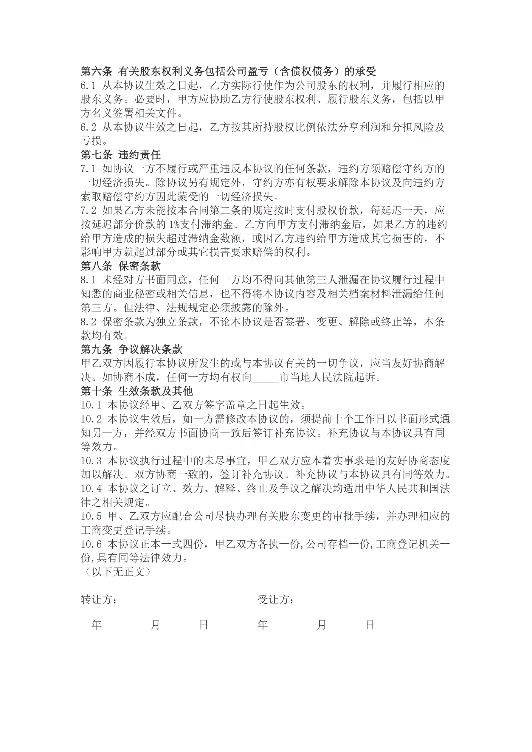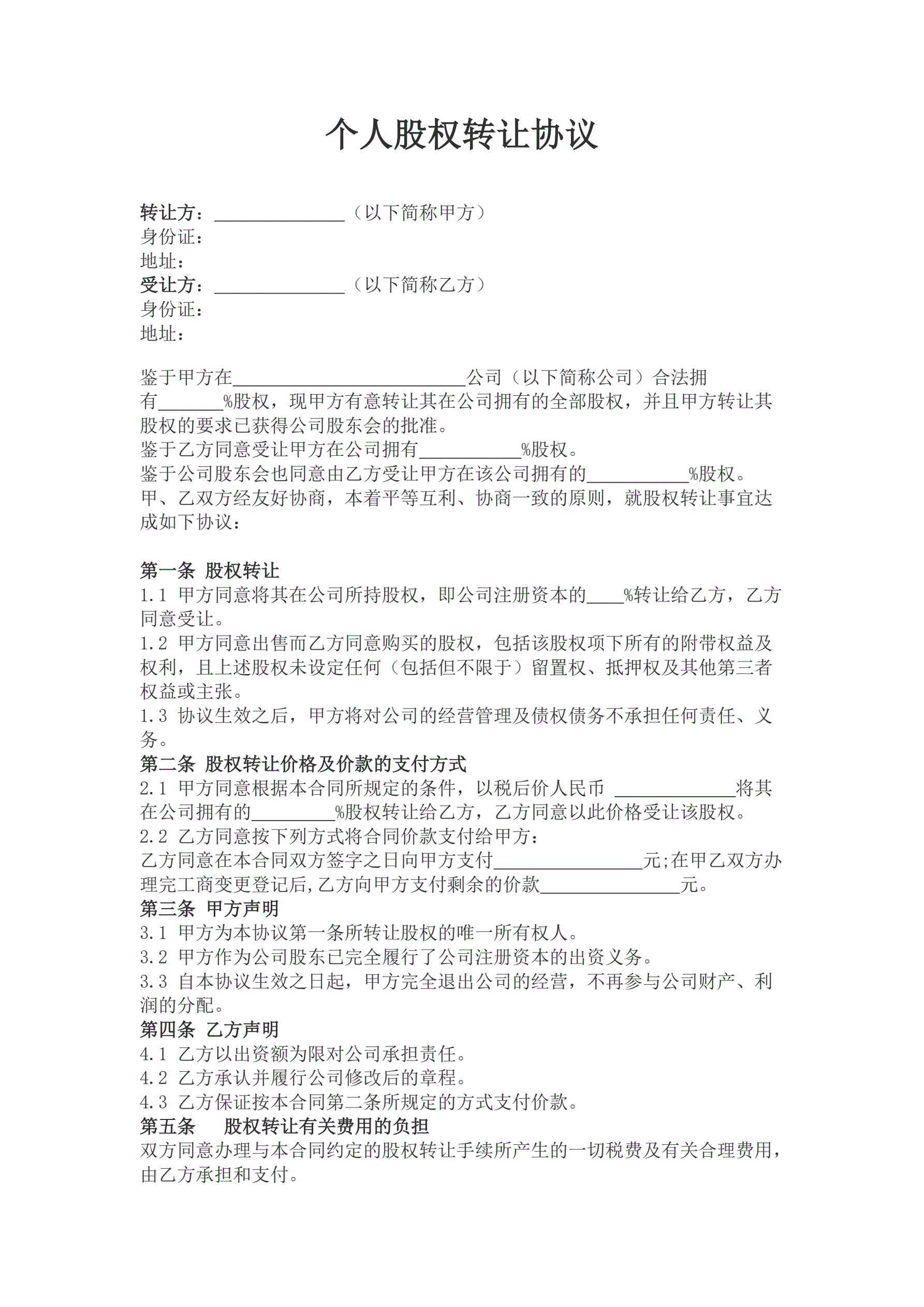 个人股权转让协议
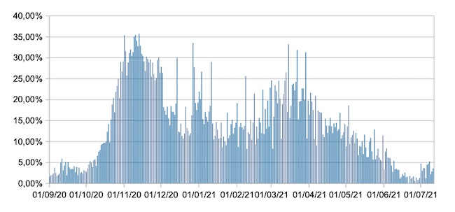 Il grafico mostra la percentuale di tamponi positivi giornalieri su tamponi giornalieri testati ( diagnostici+quelli di controllo) nel periodo 1 settembre 2020 – 11 luglio 2021 in Italia.
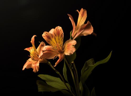 Wallpaper Orange alstroemeria flowers on a black background
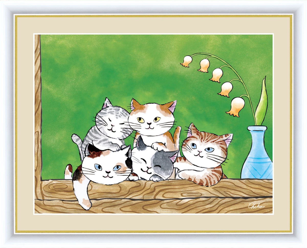 絵画 高精細デジタル版画 インテリア 壁掛け 額縁付き 千 春作 「癒しのねこ」 F6
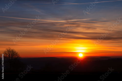 sunset, sky, sun, cloud, orange, landscape, nature, sunrise, evening, cloud, dusk, red, horizon, beautiful, night, blue, yellow, summer, tree, light, beauty
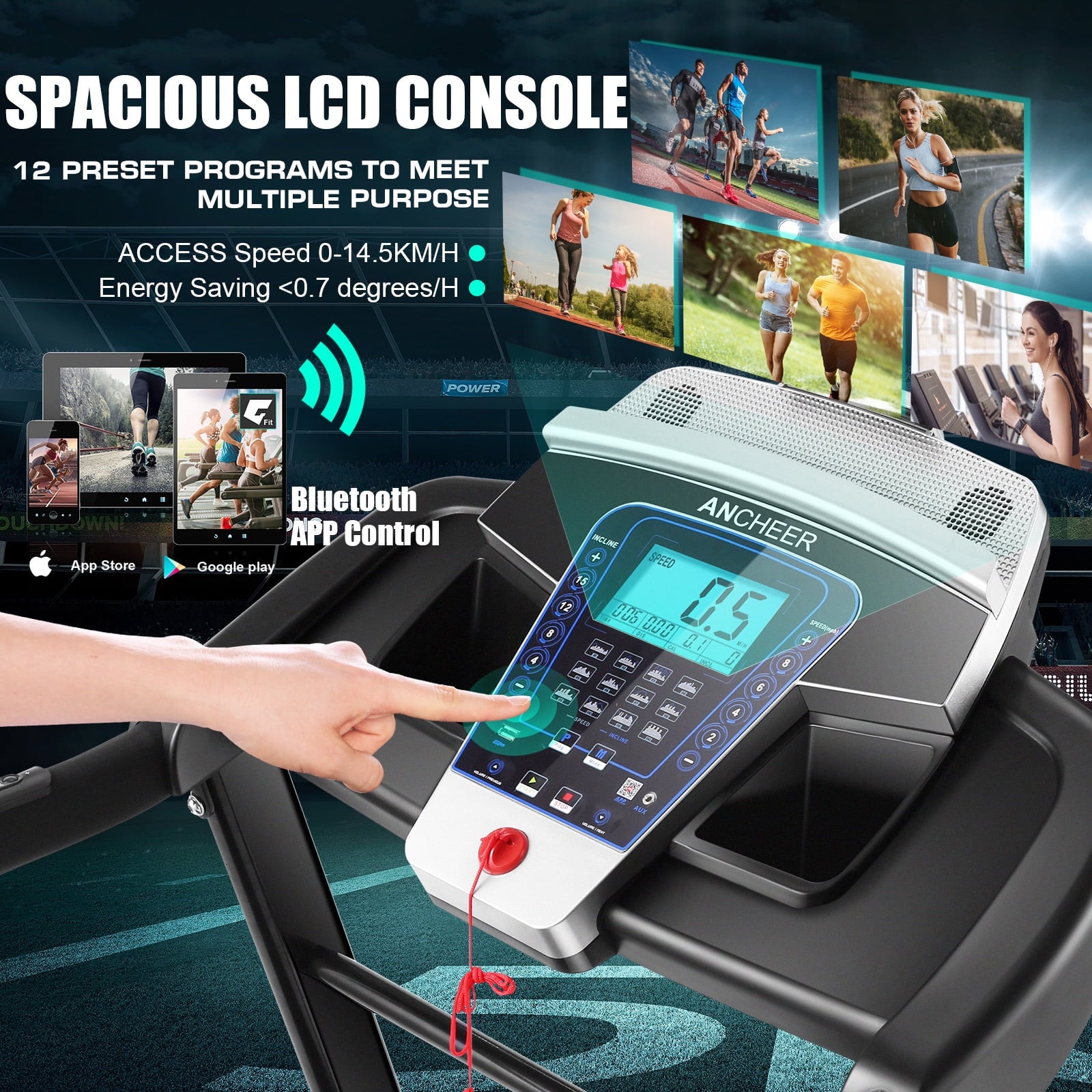 Home Exercise Treadmills ANCHEER Folding Treadmill with 15% Auto Incline,3.25HP Ultra-silent Motor, Speed Range of 0.6~10MPH,300lb Capacity, APP & Bluetooth Speakers,Treadmills for Home Running and Walking
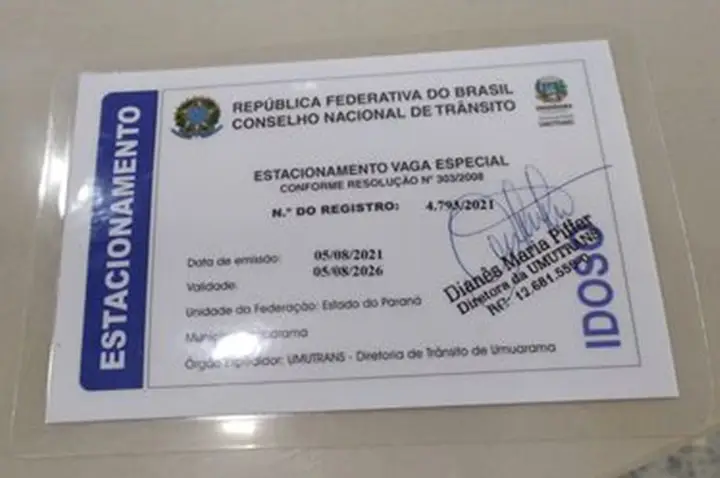 Cartão de estacionamento de idoso é encontrado no centro de Umuarama
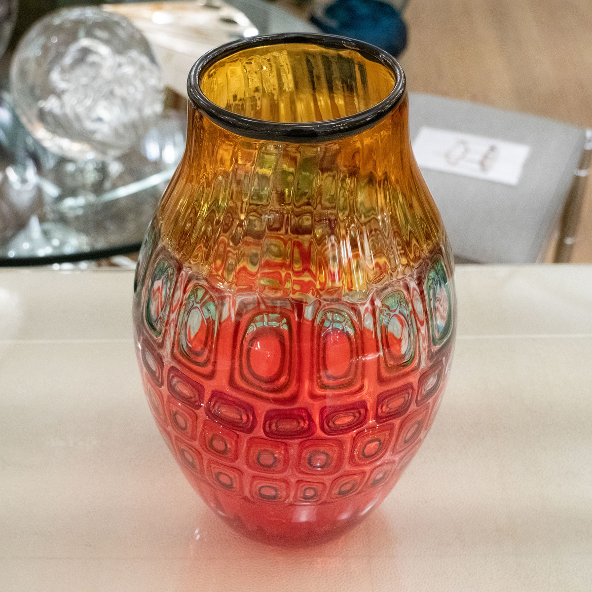 Orange and yellow murano glass vase

·····

Exercise description: From top to bottom, restate the records above exactly and omit every picture.

Expected answer:
 个人股权转让协议
 Il grafico mostra la percentuale di tamponi positivi giornalieri su tamponi giornalieri testati ( diagnostici+quelli di controllo) nel periodo 1 settembre 2020 – 11 luglio 2021 in Italia.
 Wallpaper Orange alstroemeria flowers on a black background
 絵画 高精細デジタル版画 インテリア 壁掛け 額縁付き 千 春作 「癒しのねこ」 F6
 sunset, sky, sun, cloud, orange, landscape, nature, sunrise, evening, cloud, dusk, red, horizon, beautiful, night, blue, yellow, summer, tree, light, beauty
 Home Exercise Treadmills ANCHEER Folding Treadmill with 15% Auto Incline,3.25HP Ultra-silent Motor, Speed Range of 0.6~10MPH,300lb Capacity, APP & Bluetooth Speakers,Treadmills for Home Running and Walking
 Cartão de estacionamento de idoso é encontrado no centro de Umuarama
 Orange and yellow murano glass vase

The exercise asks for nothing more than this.